Rye, New York: a Slice of Heaven Rollercoasters, Beaches and an Easy Commute

 This bucolic Westchester County community is home to the popular amusement park  Playland and its famous wooden roller coaster, the Dragon Coaster (remember  when Glenn Close and Ellen Latzen took a ride on this roller coaster in the  1987 thriller Fatal Attraction?). You’ll also find Rye Town Park; a stunning refuge nestled on a sixty-two acre  preserve on Long Island Sound that features gently rolling hills, an expansive  beachfront with a 34-acre swimming area, a naturalized duck pond and park paths  illuminated by old fashion street lights.  

 Even though Rye is home to Jarden, a Fortune 500 home equipment and furnishings’ company, Rye is primarily a place to live rather than make a living. One-third  of Rye’s working residents commute to New York City, a mere 25 miles away.  

 With its world class schools, family friendly atmosphere and miniscule crime  rate Coldwell Banker reported in 2010 that Rye was the third most expensive  city in the country to buy a home.  

 First Settlement

 According to the city’s history page, Rye, the oldest permanent settlement in Westchester County,  began in 1660 when Peter Disbrow, John Coe and Thomas Studwell migrated from  Greenwich with a small group of settlers. The following year they were joined  by John Budd, a puritan from Rye, England who played a major role in the naming  of the community.  

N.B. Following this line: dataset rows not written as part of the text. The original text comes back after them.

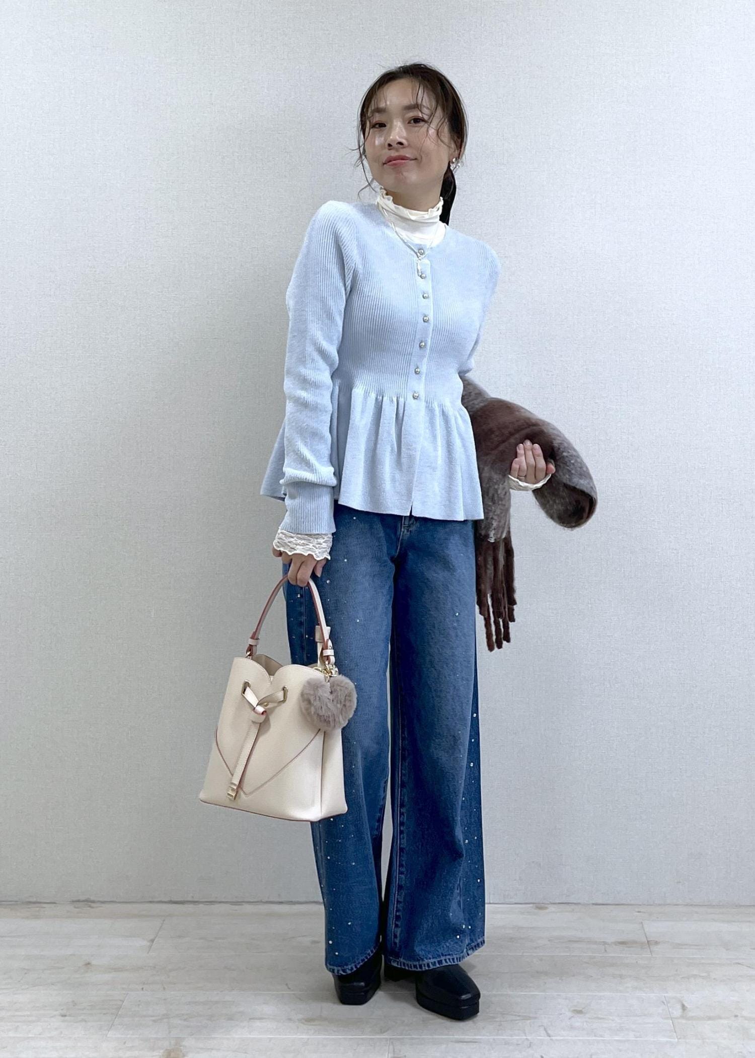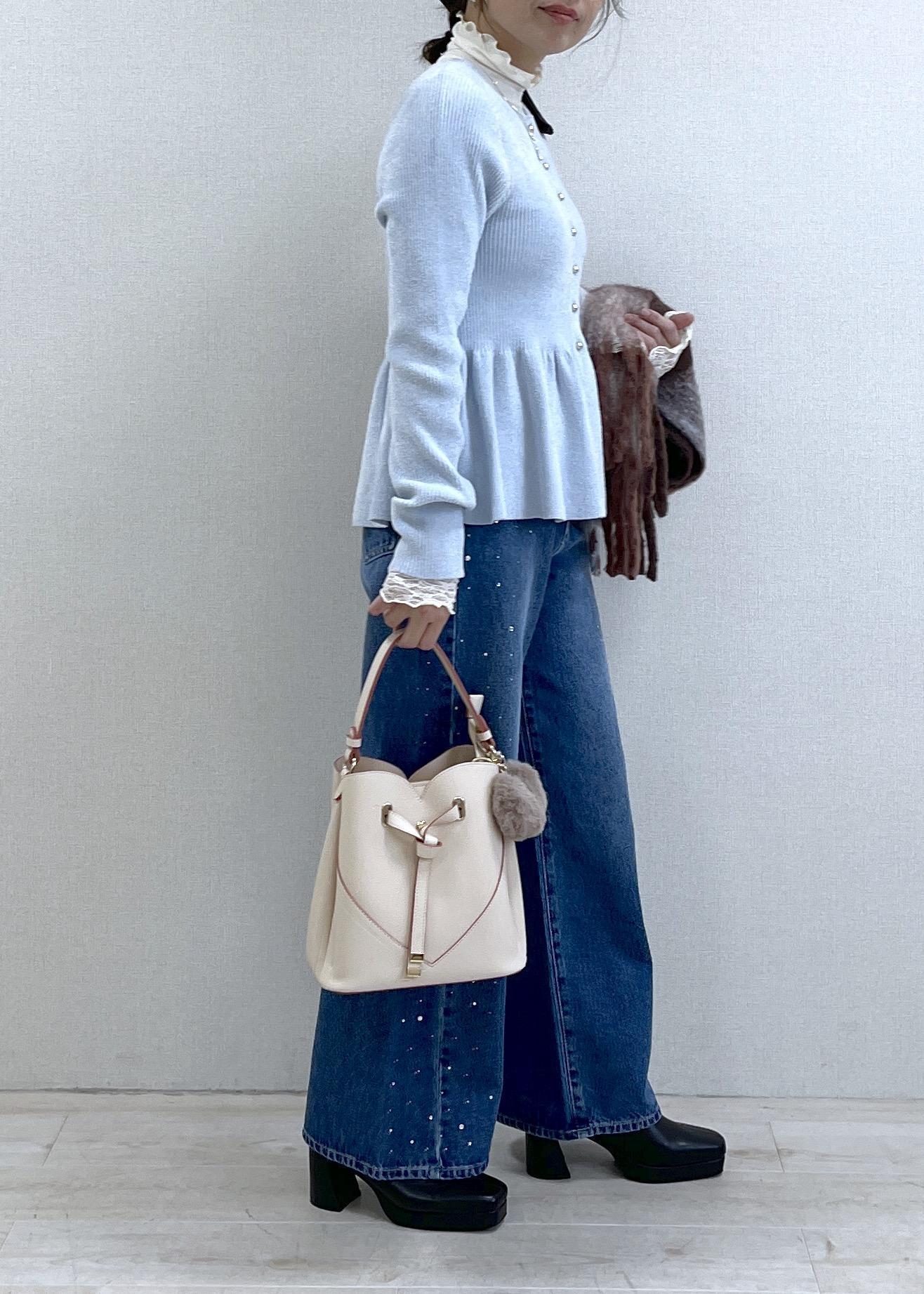 ふんわりした水色が冬コーデに柔らかさをプラスしてくれます。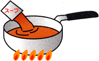 同時に別の鍋にお湯(1食分280cc)とスープ、背脂(レトルト)を入れて、一度軽く沸騰させて火を止める。これがおいしさのコツです!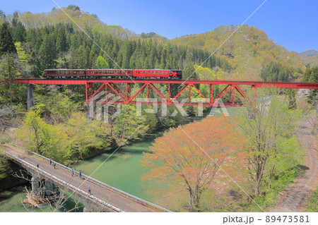 小又川橋梁を渡る秋田内陸線新観光車両「秋田マタギ号」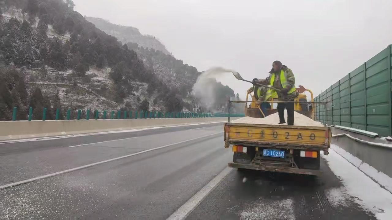 降雪前,工区已提前储备融雪剂,检修调试除雪车、撒布机等设备,明确人员分工与责任路段,做好充分准备。1月17日下午雪情发生后,巡查队伍持续进行路面巡视,实时反馈雪情冰情。随着降雪强度增大,人工与机械协同配合,全面开展除雪作业。截至目前,工区累计投入人工撒布融雪剂6吨,撒布机作业54吨,有效遏制了路面积雪结冰,保障了辖区道路基本通行条件。下一步,工区将根据雪情变化动态调整作业方案,持续加大巡查与除冰力度,全力保障公路安全畅通。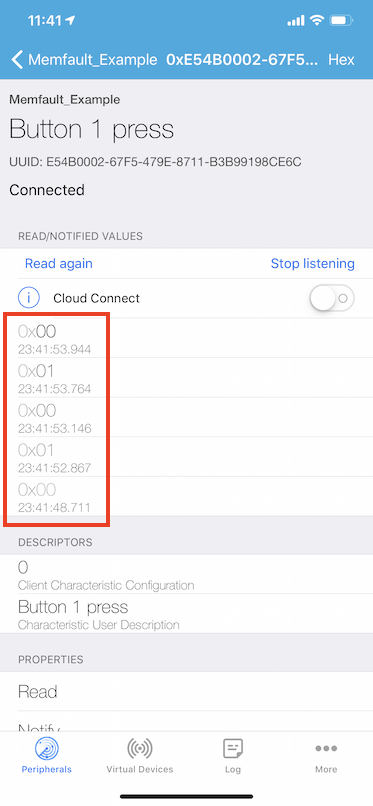 To verify that we can read the value of the Button 1 Characteristic, we can tap on “Read again”. To verify further, we can hold down Button 1 on the development board and then click “Read again”. This time it should display a value of 0x01.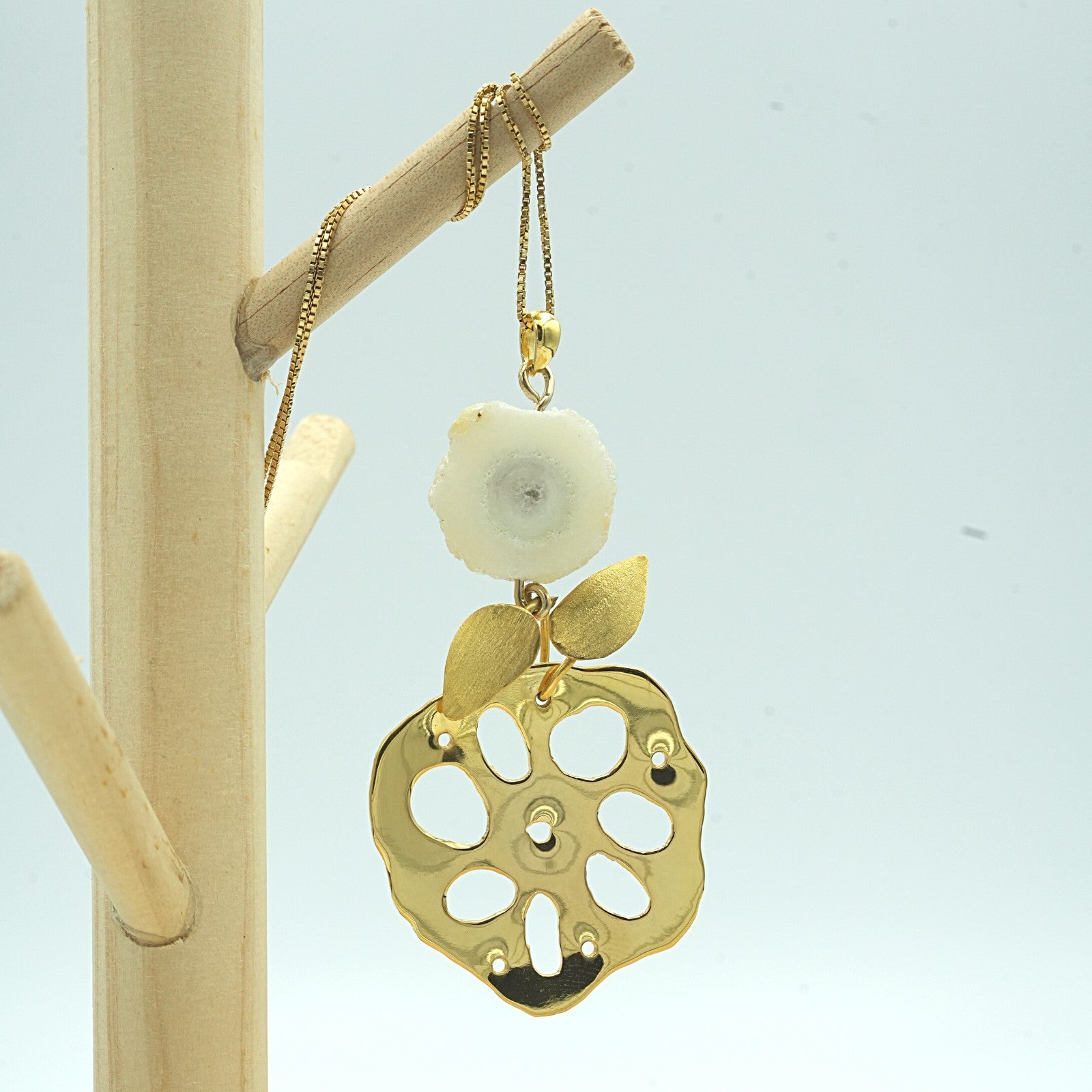 Fun and eyecatching lotus root disc with white quartz stalactitie flower . Part of the LotusRoot Design series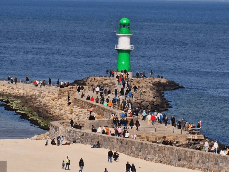 德国梅克伦堡-西波美拉尼亚州瓦尔讷明德,灯塔与灯塔之间的景观。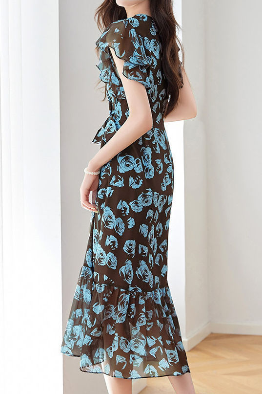 Dress,V-neck ruffle sleeve design gentle and elegant,rose print lively and romantic,tie waist accents figure,chiffon hem flowing and smooth |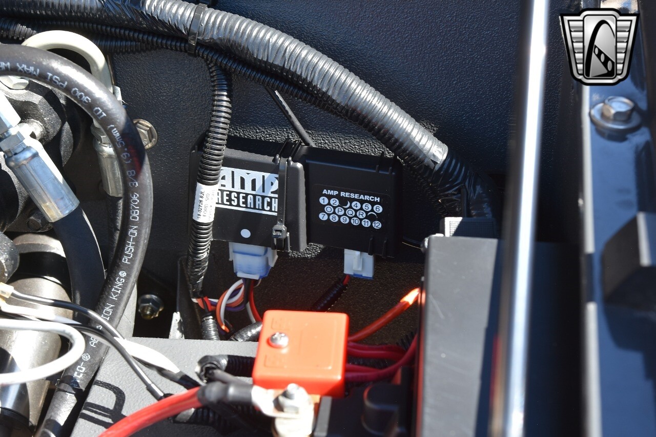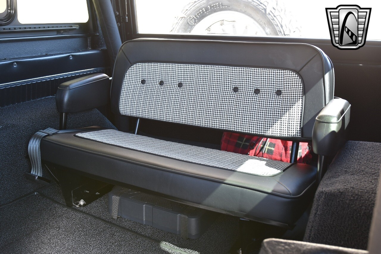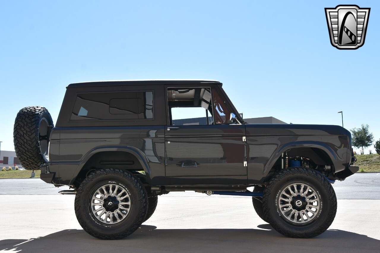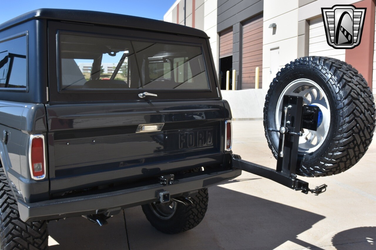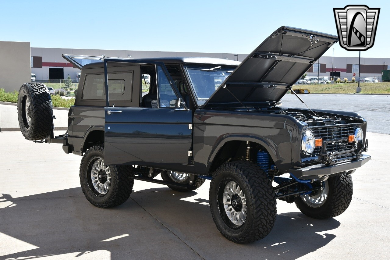 This 1977 early Ford Bronco has undergone a 2-year, body-off rotisserie restoration by Carmichael. This one-off vintage SUV is powered by a 5.0-liter Coyote engine mated to a 6R80 6-speed transmission. The engine house was enlarged for easier serviceability. This 410 torque, 435hp-producing engine is paired to a refreshed Dana 44 axle and a 9-inch rear axle with posi-traction. This Bronco is riding on Fox Reservoir shocks and James Duff 3.5-inch long arms, with Progressive coil suspension, Heim joint steering components from Hellwig, and front and rear sway bars that improve the handling and performance at highway speeds. Its superior stopping power comes from a 4-wheel disc Hydro-Boost brake system that has been drilled and slotted. Finished in DIAMONT BC/CC Lithium Gray paint, all panels are new metal, and the SUV comes with a custom bumper with a spare tire carrier and a color-matched lithium house jack, neatly located below the grille. The interior features original seat frames covered in black Mellohide and iconic houndstooth inserts, maintaining its vintage appeal. Fitted with Dakota Digital gauges and a polished tilt wheel, this Bronco also has a Tuffy locked console and a glove box. For safety, the car includes a 6-point padded and covered roll cage with six handles. The temperature is controlled by a Vintage Air system. RetroSound gives it a Bluetooth stereo system with Kicker components. This car has AMP power steps for easy entry and features 20-inch, one-piece Fuel Off-Road wheels and 35-inch Gripper M/T tires. [ omitted ].

 The settlers’ first treaty with the Mohegan Indians gave them the land between Milton Point  and the Byram River (Peningoe Neck) then the mile-long Manussing Island. Within  several years the combined purchases of the settlers comprised all of what is  now the City of Rye, Town of Rye, Harrison, White Plains, North Castle,  Mamaroneck and parts of Greenwich.